Records from a data collection
##############################
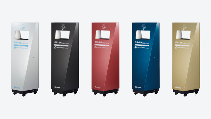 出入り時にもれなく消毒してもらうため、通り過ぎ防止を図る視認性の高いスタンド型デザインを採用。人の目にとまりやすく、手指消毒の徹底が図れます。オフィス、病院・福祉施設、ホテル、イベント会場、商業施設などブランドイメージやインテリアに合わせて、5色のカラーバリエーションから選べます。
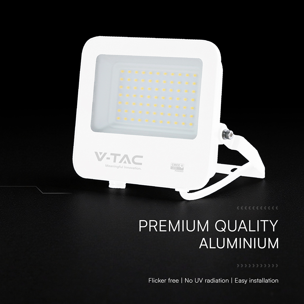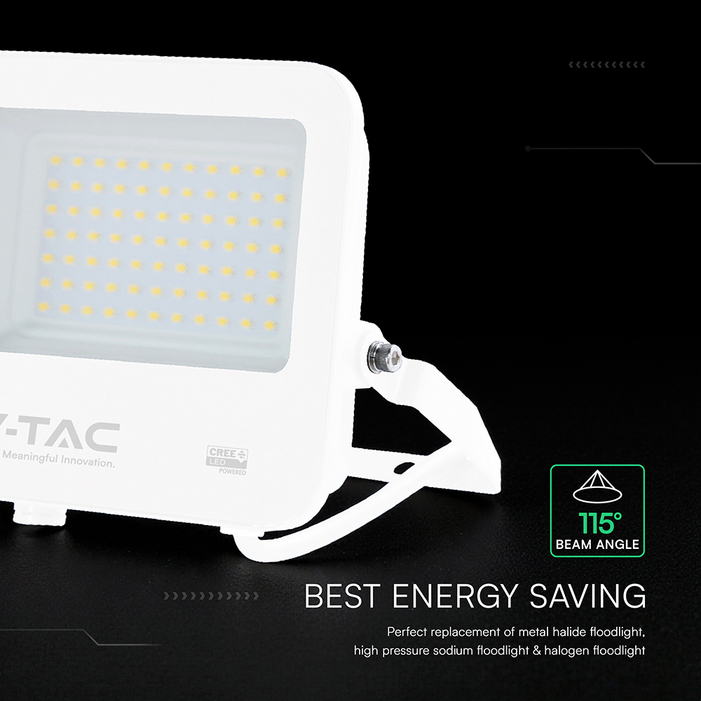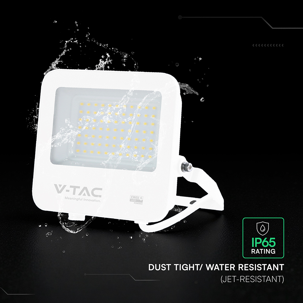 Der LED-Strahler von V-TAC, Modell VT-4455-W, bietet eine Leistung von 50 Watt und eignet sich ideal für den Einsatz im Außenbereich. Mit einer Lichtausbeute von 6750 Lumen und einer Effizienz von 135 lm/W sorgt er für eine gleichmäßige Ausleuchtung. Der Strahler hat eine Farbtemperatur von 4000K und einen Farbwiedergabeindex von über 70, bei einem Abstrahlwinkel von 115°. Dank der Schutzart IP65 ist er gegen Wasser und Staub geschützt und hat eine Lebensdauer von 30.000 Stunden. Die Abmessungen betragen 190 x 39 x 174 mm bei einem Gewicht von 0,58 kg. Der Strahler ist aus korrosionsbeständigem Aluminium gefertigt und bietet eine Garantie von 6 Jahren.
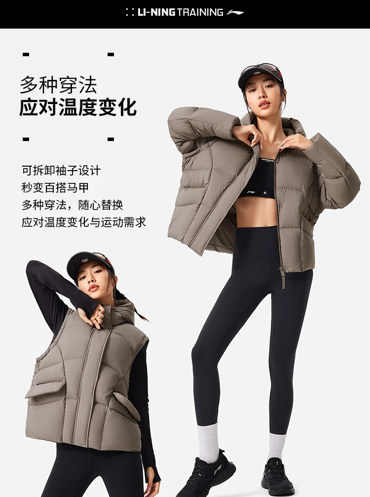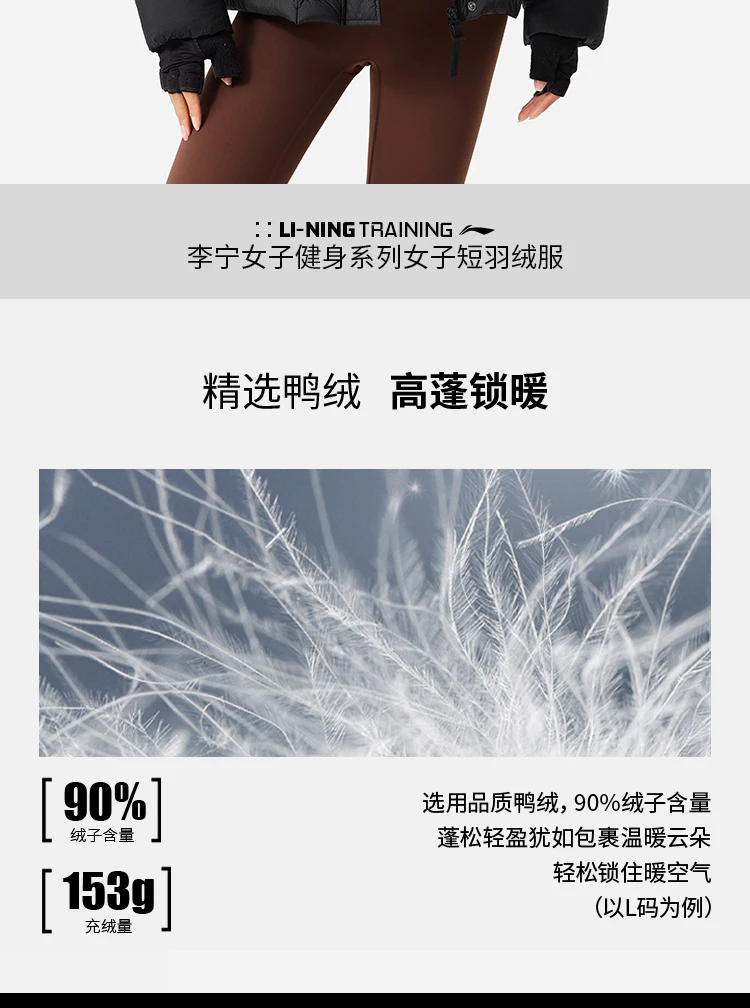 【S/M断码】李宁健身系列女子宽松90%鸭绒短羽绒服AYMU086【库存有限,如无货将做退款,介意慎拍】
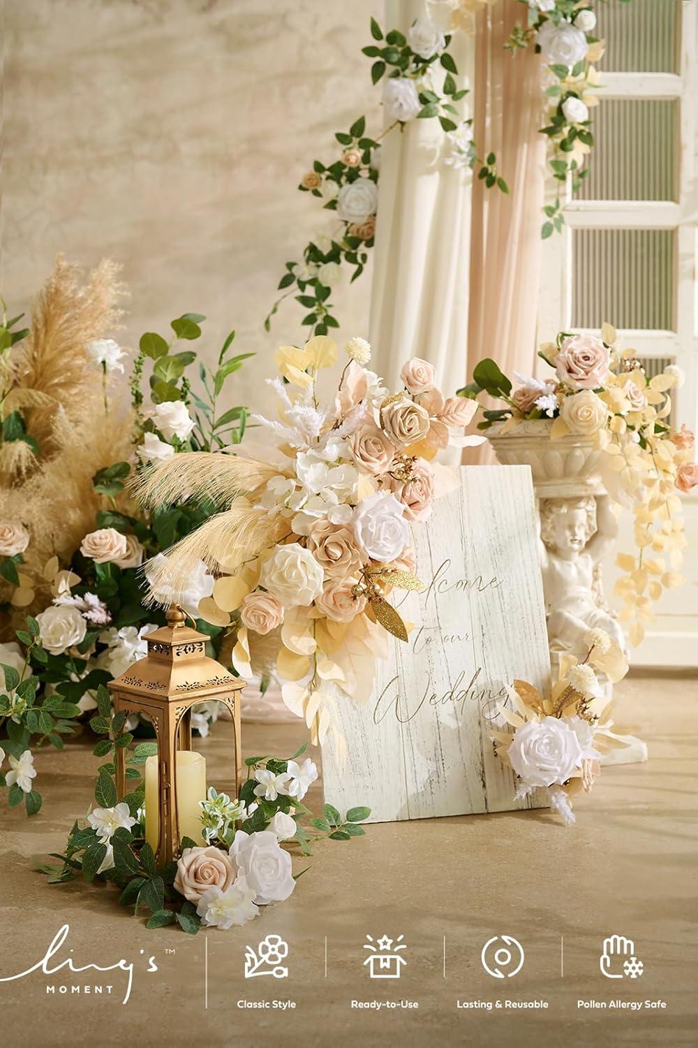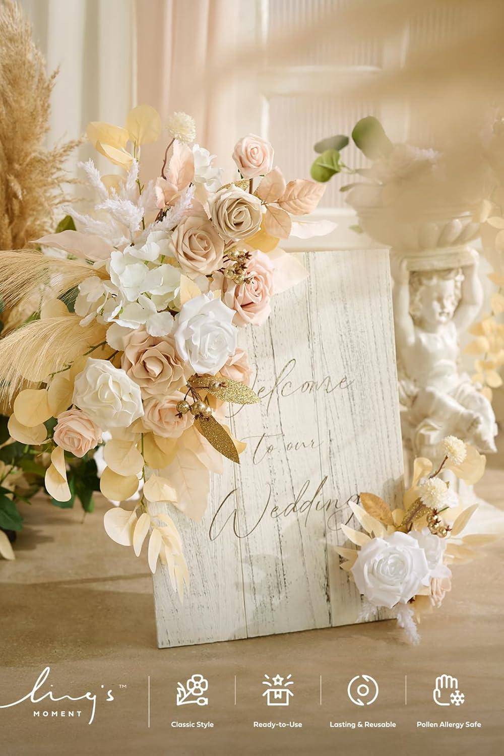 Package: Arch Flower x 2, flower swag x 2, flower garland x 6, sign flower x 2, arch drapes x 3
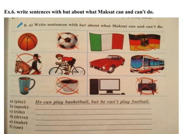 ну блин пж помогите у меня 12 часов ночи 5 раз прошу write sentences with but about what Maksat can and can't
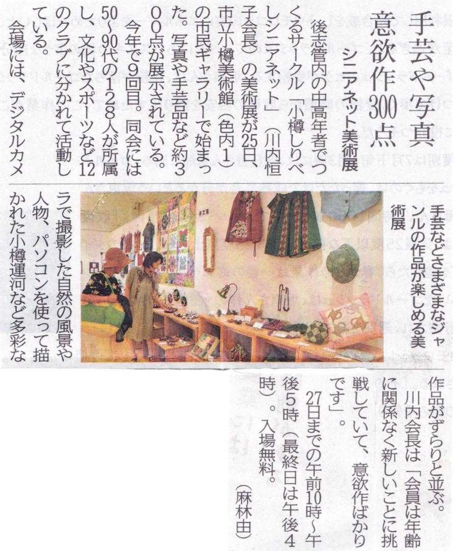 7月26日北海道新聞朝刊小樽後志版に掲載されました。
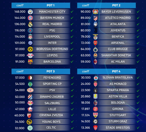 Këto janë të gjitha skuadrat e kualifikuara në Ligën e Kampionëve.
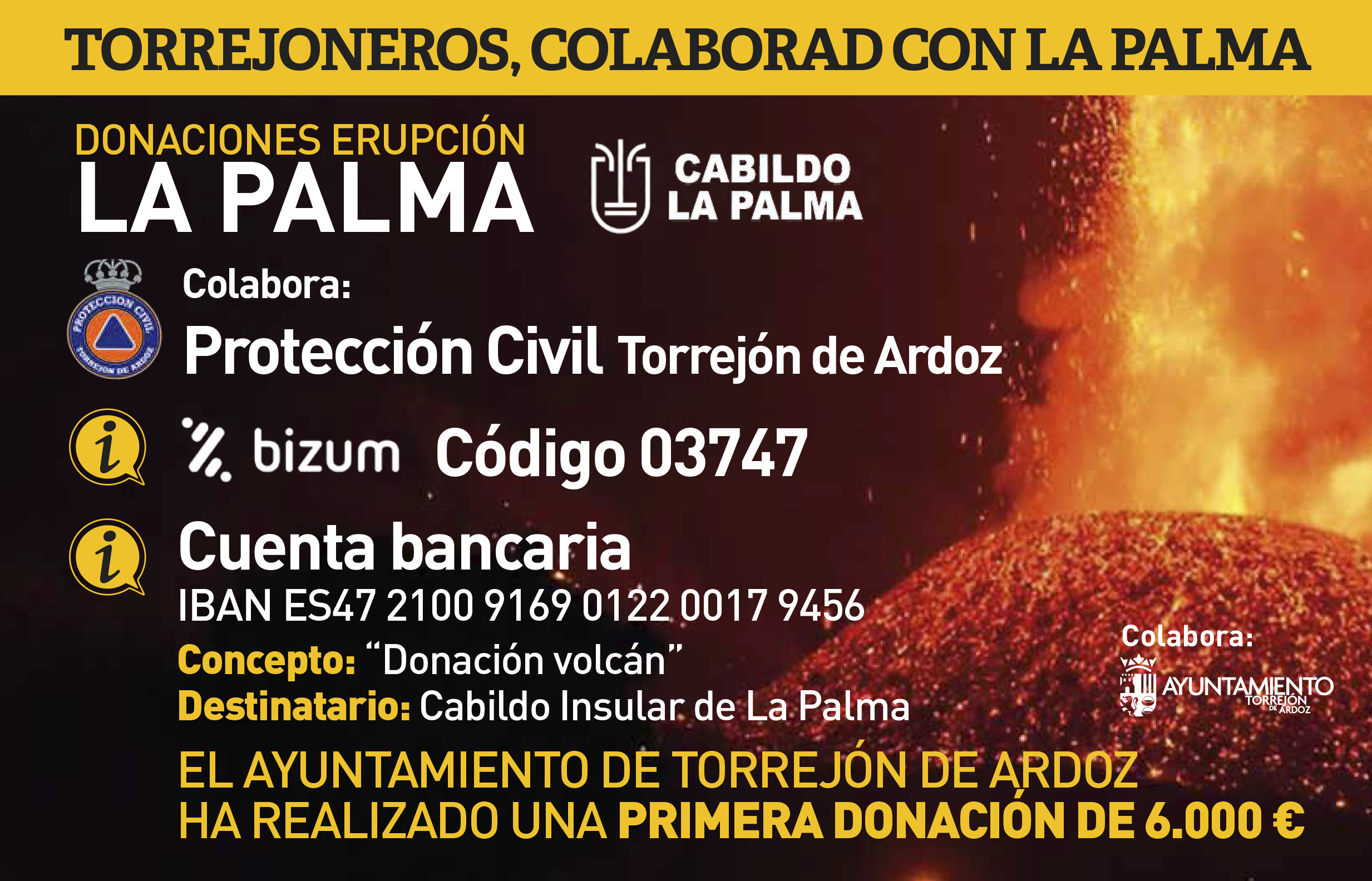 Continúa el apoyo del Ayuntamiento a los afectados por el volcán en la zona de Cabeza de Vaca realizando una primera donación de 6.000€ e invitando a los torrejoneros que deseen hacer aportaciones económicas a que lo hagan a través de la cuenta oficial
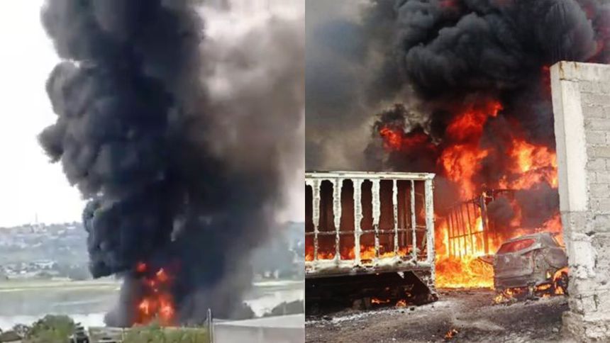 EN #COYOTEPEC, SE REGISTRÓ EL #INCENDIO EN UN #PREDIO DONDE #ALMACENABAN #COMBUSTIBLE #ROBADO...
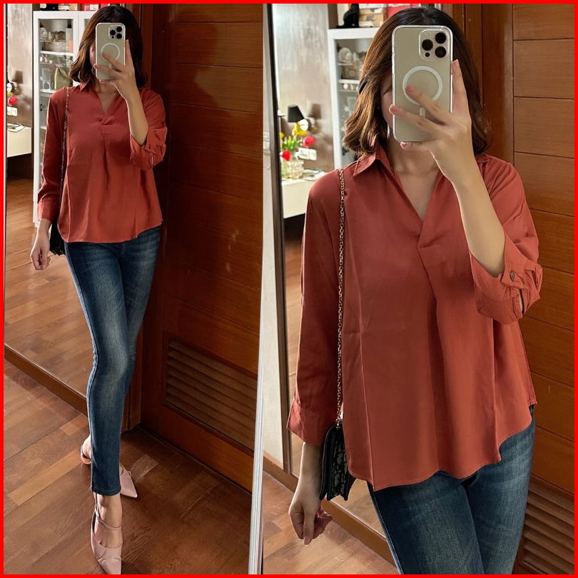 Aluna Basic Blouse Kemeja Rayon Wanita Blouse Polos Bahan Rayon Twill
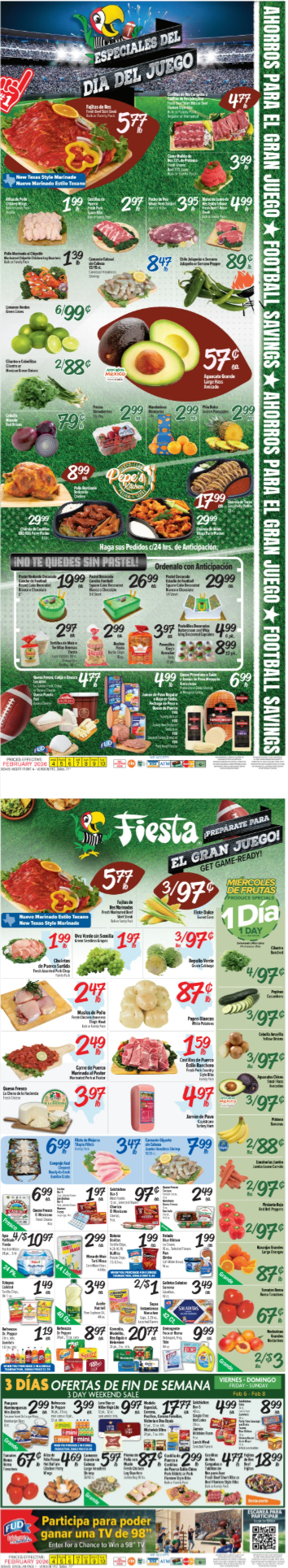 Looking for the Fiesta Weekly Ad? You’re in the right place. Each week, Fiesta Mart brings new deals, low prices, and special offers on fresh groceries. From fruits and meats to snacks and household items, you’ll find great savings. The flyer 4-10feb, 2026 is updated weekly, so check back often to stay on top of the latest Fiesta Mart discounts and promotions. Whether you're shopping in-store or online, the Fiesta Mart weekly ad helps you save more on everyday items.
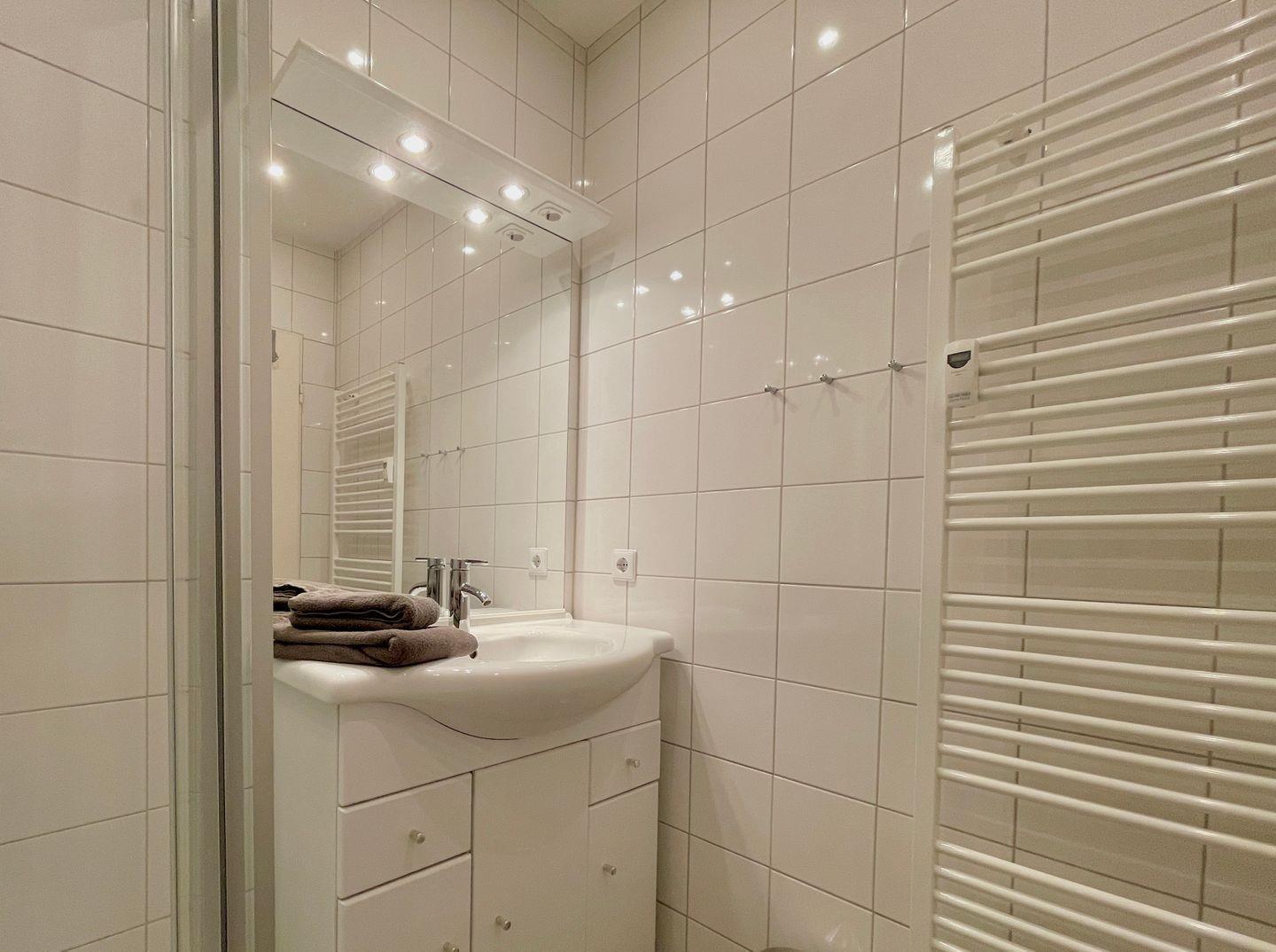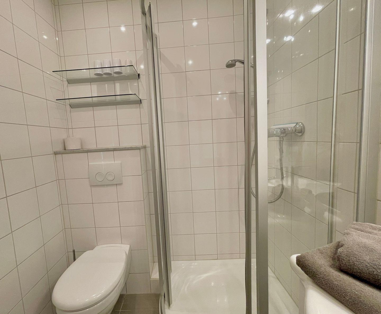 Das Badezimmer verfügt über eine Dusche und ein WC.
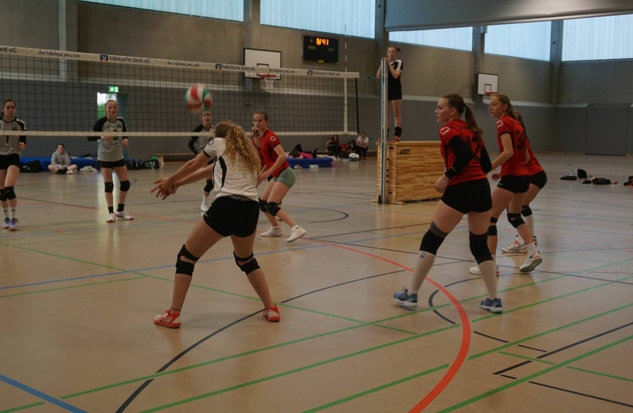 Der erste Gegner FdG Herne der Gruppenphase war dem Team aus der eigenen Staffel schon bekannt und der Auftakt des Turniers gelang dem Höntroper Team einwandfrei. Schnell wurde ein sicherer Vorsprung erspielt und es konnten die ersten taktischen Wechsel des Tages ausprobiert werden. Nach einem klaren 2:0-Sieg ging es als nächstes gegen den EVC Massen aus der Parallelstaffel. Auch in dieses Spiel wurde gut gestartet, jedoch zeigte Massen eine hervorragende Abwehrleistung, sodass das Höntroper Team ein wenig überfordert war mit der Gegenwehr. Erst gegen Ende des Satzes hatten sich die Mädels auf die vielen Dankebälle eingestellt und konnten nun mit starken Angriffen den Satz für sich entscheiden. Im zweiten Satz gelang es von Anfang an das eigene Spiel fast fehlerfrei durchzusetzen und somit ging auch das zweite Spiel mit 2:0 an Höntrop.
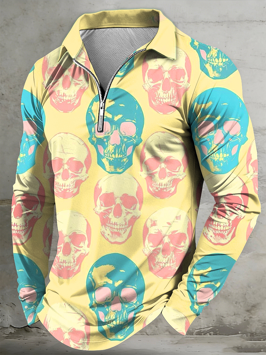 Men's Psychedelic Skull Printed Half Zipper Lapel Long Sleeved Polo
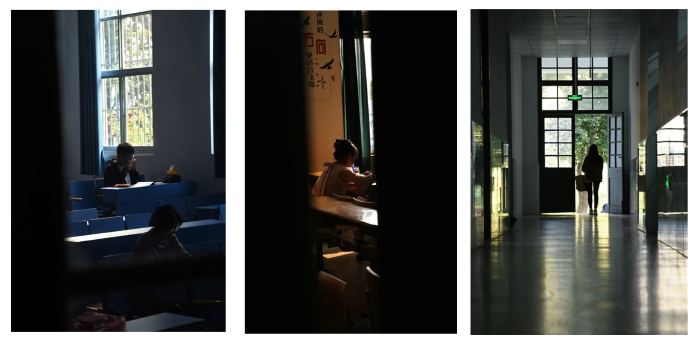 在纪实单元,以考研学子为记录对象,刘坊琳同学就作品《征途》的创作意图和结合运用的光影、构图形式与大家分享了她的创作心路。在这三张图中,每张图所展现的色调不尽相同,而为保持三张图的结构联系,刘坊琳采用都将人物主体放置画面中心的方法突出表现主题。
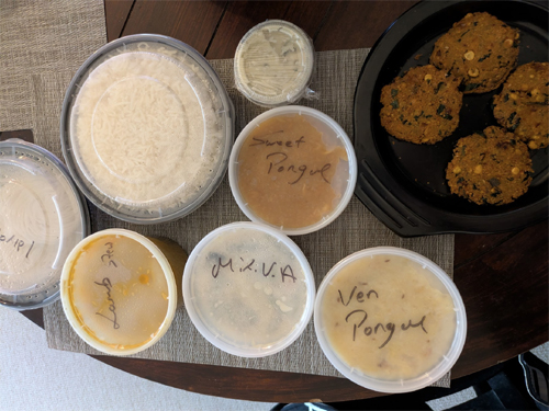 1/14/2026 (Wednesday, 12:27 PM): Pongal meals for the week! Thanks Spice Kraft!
##############################
**Task instructions**
In the entries above, find the line containing "Këto janë të" and the line containing "Das Badezimmer verfügt"; give again exactly those two lines and every line between them, minus the pictures.

**Written solution**
 Këto janë të gjitha skuadrat e kualifikuara në Ligën e Kampionëve.
 Continúa el apoyo del Ayuntamiento a los afectados por el volcán en la zona de Cabeza de Vaca realizando una primera donación de 6.000€ e invitando a los torrejoneros que deseen hacer aportaciones económicas a que lo hagan a través de la cuenta oficial
 EN #COYOTEPEC, SE REGISTRÓ EL #INCENDIO EN UN #PREDIO DONDE #ALMACENABAN #COMBUSTIBLE #ROBADO...
 Aluna Basic Blouse Kemeja Rayon Wanita Blouse Polos Bahan Rayon Twill
 Looking for the Fiesta Weekly Ad? You’re in the right place. Each week, Fiesta Mart brings new deals, low prices, and special offers on fresh groceries. From fruits and meats to snacks and household items, you’ll find great savings. The flyer 4-10feb, 2026 is updated weekly, so check back often to stay on top of the latest Fiesta Mart discounts and promotions. Whether you're shopping in-store or online, the Fiesta Mart weekly ad helps you save more on everyday items.
 Das Badezimmer verfügt über eine Dusche und ein WC.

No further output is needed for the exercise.